O grande “boom” de assinatura de tratados aconteceu há 20 anos e eles continuam valendo até hoje. Basicamente decidem o quanto, e mesmo se, os países podem tributar empresas multinacionais e outras atividades entre fronteiras. E foram feitos para dar segurança aos negócios. Se a taxa de imposto definida no tratado fiscal é menor do que a taxa imposta pelo país onde a empresa está produzindo, ela pode recorrer ao tratado e pagar menos impostos do que as que produzem localmente. Resultado disso? Uma concorrência desleal, o que afeta a economia, sobretudo quando o país já é pobre. Os pequenos negociantes locais acabam tendo que cobrar preços mais altos por terem que pagar mais impostos. E quem compra geralmente não sabe disso.
O foco da ActionAid ao produzir o relatório é deixar claro o quanto os tratados fiscais podem impactar a capacidade de os Estados pobres arrecadarem. E, dessa forma, terem recursos para investir em serviços fundamentais para o combate à pobreza e a redução de desigualdades, como educação e saúde públicas de qualidade.
Os tratados fiscais são voluntários e podem ser renegociados ou cancelados. Trata-se de um acordo entre dois países que pode dividir ou diminuir o ganho de um deles. Mas, mesmo quando são muito antigos têm o mesmo valor de quando foram assinados pela primeira vez, caso não tenham sido renegociados. Atualmente existem cerca de três mil tratados fiscais em todo o mundo, e mais da metade deles são assinados entre um país pobre e um país desenvolvido.
Ruanda, um país africano, é um exemplo forte de renegociação quando, em 2013, decidiu se sentar e partir para um tratado mais claro, de interesses e objetivos mais transparentes, com as Ilhas Maurício.
Imposto não é uma bala mágica. Mas certamente ajuda bastante os países pobres a cuidarem das privações de seus habitantes. Portanto, as corporações globais que estão usando mecanismos para se safarem daquilo que precisam pagar estão sendo mais do que irresponsáveis. Elas estão contribuindo para que o mundo se torne mais e mais desigual. Empresas com esse perfil não podem ter mais espaço no século XXI.
Por outro lado, vai mal também um modelo econômico que pode obrigar governantes a se aceitarem se tornarem reféns de corporações que põem o lucro acima de qualquer ética. Quando fazem isso, estão seguindo as regras de um movimento ao qual se dá o nome de desenvolvimentismo.

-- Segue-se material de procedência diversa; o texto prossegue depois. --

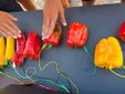 “Ad attivare i sensori all’interno dei peperoni è il tocco umano – spiega Zilocchi – ogni peperone è collegato con un sensore e risponde esattamente come un tasto di un pianoforte, i suoni vengono poi assegnati tramite un’interfaccia di mia invenzione”.
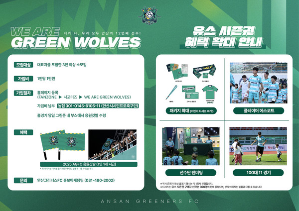 또한, 안산그리너스FC는 2025 유스 시즌권 혜택을 강화했다. 유스 시즌권자 대상으로 에스코트키즈, 팬미팅, 어린이 축구교실 각 1회 참여권을 부여하며, 선착순 구매자 300명에게는 기존 패키지에 어린이용 티셔츠를 추가로 제공한다.
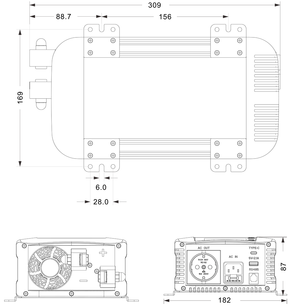 0 ~ + 60 ℃ Polaritas mbalikke (sekring) / ing voltase / liwat perlindungan voltase / AC liwat saiki (breaker)
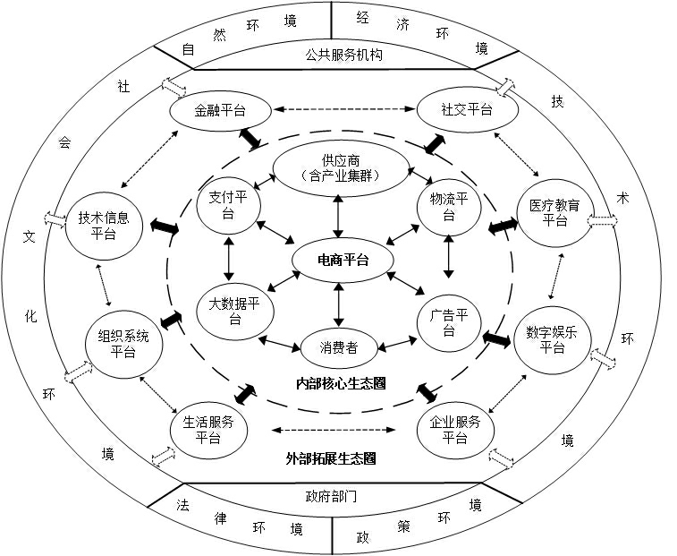 数字商务会演化为一个又一个协同网络,这些网络相互嵌合,促进网络不断衍生与扩张,进而使各相关方基于共创共享、协同演化,形成全新的商业生态系统。数字商务生态圈以用户需求为中心进行跨产业横向与纵向整合,形成平台和多元主体集合的协同网络。其中,电商生态圈是目前数字商务生态圈中最主要的组成部分,往往以电商平台方为核心主体,以网络信息为发展纽带,通过“并联”多类共生资源、产品和企业,并基于数字技术,促进各要素主体协作分工与优势互补,实现某种复杂性融合,从而不断深耕消费者潜在需求,增加用户黏性。其中,平台方提供的匹配与共享服务,可以极大提升整个网络的协同效应,推动生态整体发展[20]。

O desenvolvimentismo, incansavelmente criticado por estudiosos que buscam pensar um novo paradigma, começou por volta dos anos 50 e ainda hoje é referência para muitos. O economista chileno Manfred Max-Neef, fundador e diretor do Centro de Alternativas do Desenvolvimento (Cepaur) e Prêmio Nobel Alternativo no Parlamento sueco em 1983, destaca como um dos problemas ao desenvolvimentismo a estrutura produtiva, particularmente a indústria, “que se mostrou tremendamente concentradora de recursos”*.
“Para o desenvolvimentismo, o crescimento é uma condição econômica que traz o desenvolvimento. E essa teoria acredita que a concentração estimula o crescimento, o qual é demonstrável estatisticamente. No entanto, o desenvolvimentismo, ele próprio, reconhece que há limites para o crescimento, porém, não consegue controlá-lo”, escreve o autor chileno.
Assim sendo, faz sentido que uma das sugestões do relatório da ActionAid seja endereçada às multinacionais que fazem lobby junto a governos no sentido de conseguir o melhor tratado fiscal. Melhor, não para a população local, mas para seus próprios ganhos.
“As empresas deveriam tentar estabelecer uma igualdade de condições em vez de um sistema distorcido, concebido apenas para alguns poderosos atores corporativos. Elas também podem tentar evitar tratados prejudiciais”, finaliza o relatório.
Não custa avisar. Quanto mais informação, melhor. Até porque ainda vemos hoje tentativas de mascarar a responsabilidade social. E não será muita surpresa ver uma dessas empresas alardeando, em propagandas, o bem que fazem ao país onde estão instaladas.